A performance evaluation of open source graph databases

  • Authors:
  • Robert Campbell McColl;David Ediger;Jason Poovey;Dan Campbell;David A. Bader

  • Affiliations:
  • Georgia Tech / GTRI, Atlanta, GA, USA;Georgia Tech Research Institute, Atlanta, GA, USA;Georgia Tech Research Institute, Atlanta, GA, USA;Georgia Tech Research Institute, Atlanta, GA, USA;Georgia Institute of Technology, Atlanta, GA, USA

  • Venue:
  • Proceedings of the first workshop on Parallel programming for analytics applications
  • Year:
  • 2014

Quantified Score

Hi-index 0.00

Visualization

Abstract

With the proliferation of large, irregular, and sparse relational datasets, new storage and analysis platforms have arisen to fill gaps in performance and capability left by conventional approaches built on traditional database technologies and query languages.
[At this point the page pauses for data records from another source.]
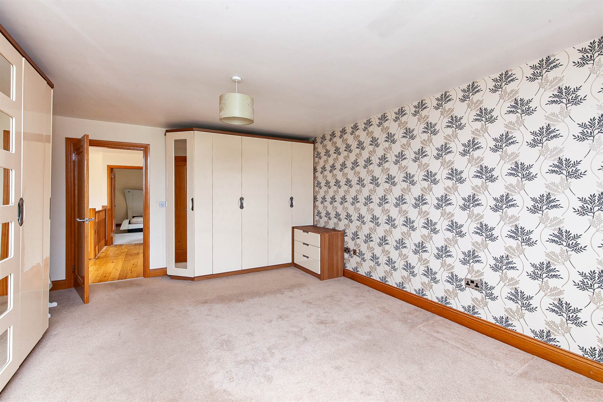 With views to side across mature grounds to Belfast Harbour and Belfast, range of bedroom furniture including extensive range of built-in robes.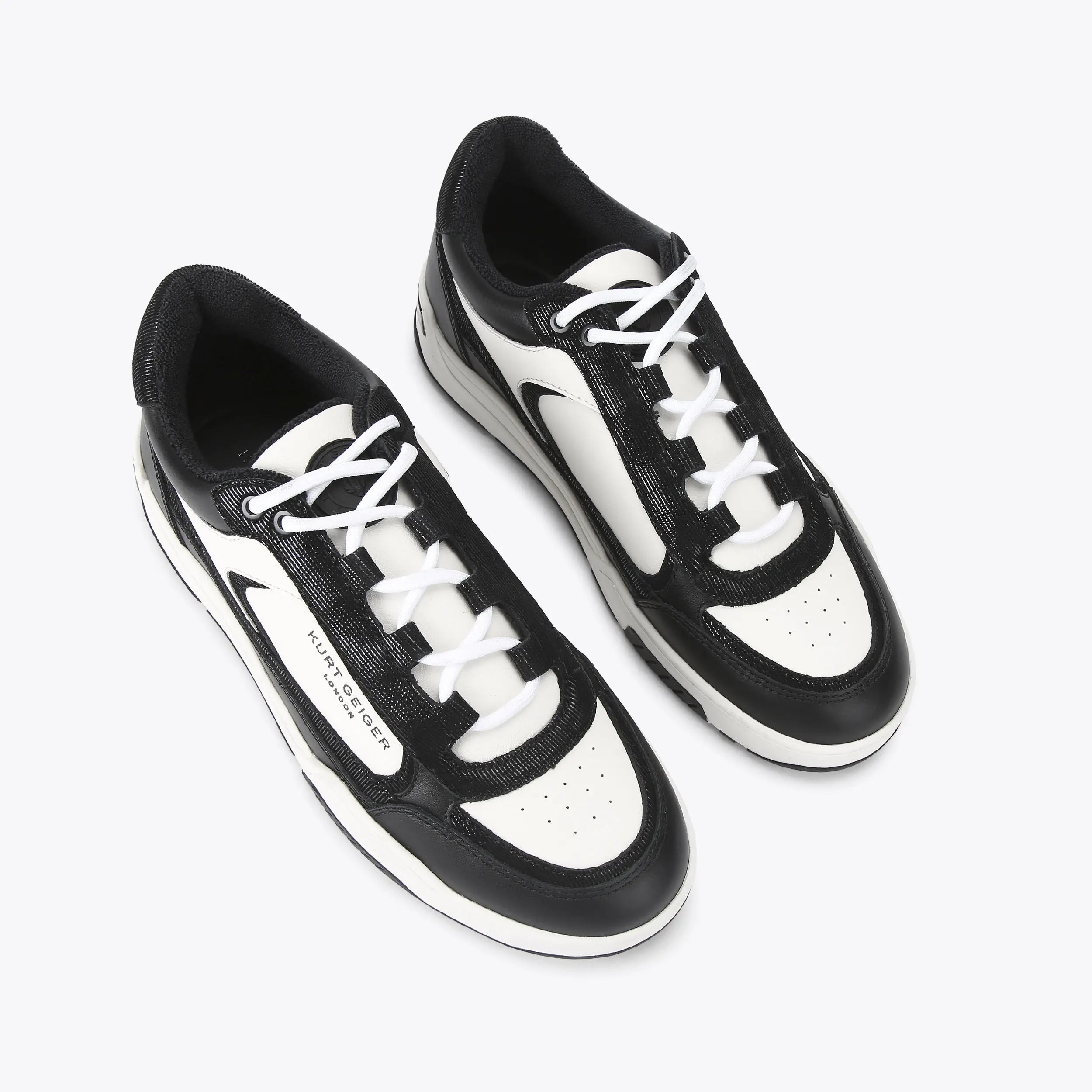 This pair of Kingsland sneaker is crafted from a black and white leather. There are branding details across the upper with tubular style laces and rubber branded patch on the front.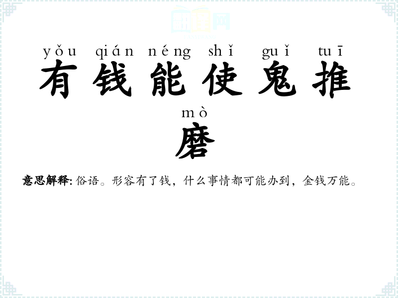 俗语。形容有了钱,什么事情都可能办到,金钱万能。 |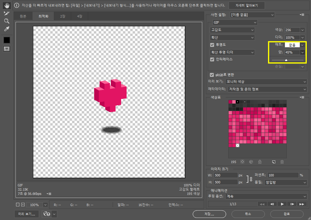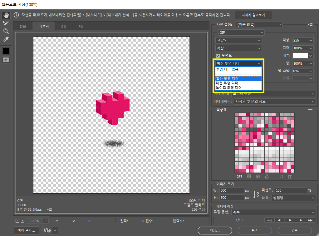 이때 몇가지 설정을 수정하여 내보내면 조금은(?) 나은 상태의 gif 투명 이미지를 만들 수 있습니다
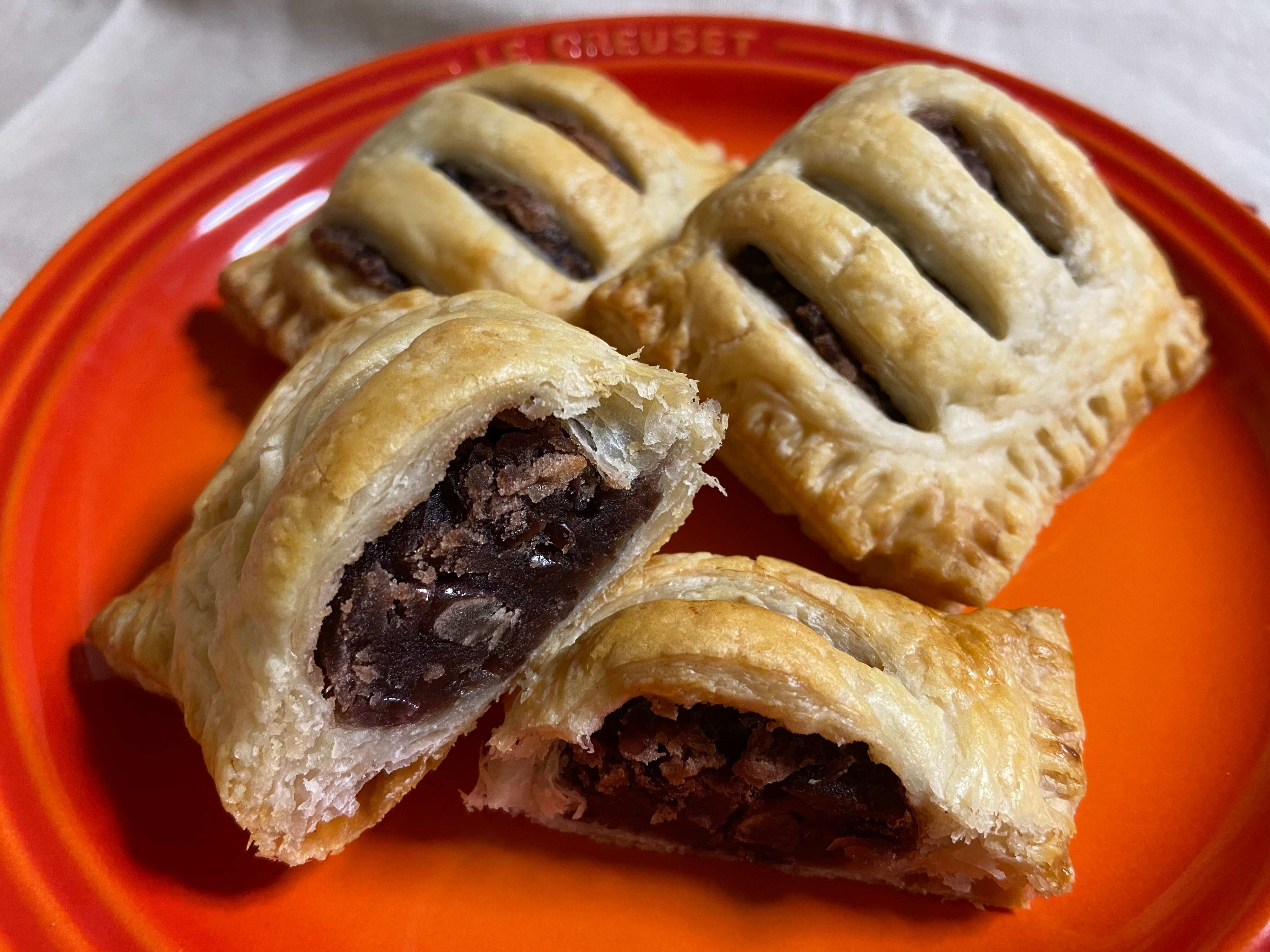 冷凍のパイシートで粒あんを包み、オーブンで焼きました。

Many of these platforms apply graph structures and analysis techniques to enable users to ingest, update, query, and compute on the topological structure of the network represented as sets of edges relating sets of vertices. To store and process Facebook-scale datasets, software and algorithms must be able to support data sources with billions of edges, update rates of millions of updates per second, and complex analysis kernels. These platforms must provide intuitive interfaces that enable graph experts and novice programmers to write implementations of common graph algorithms. In this paper, we conduct a qualitative study and a performance comparison of 12 open source graph databases using four fundamental graph algorithms on networks containing up to 256 million edges.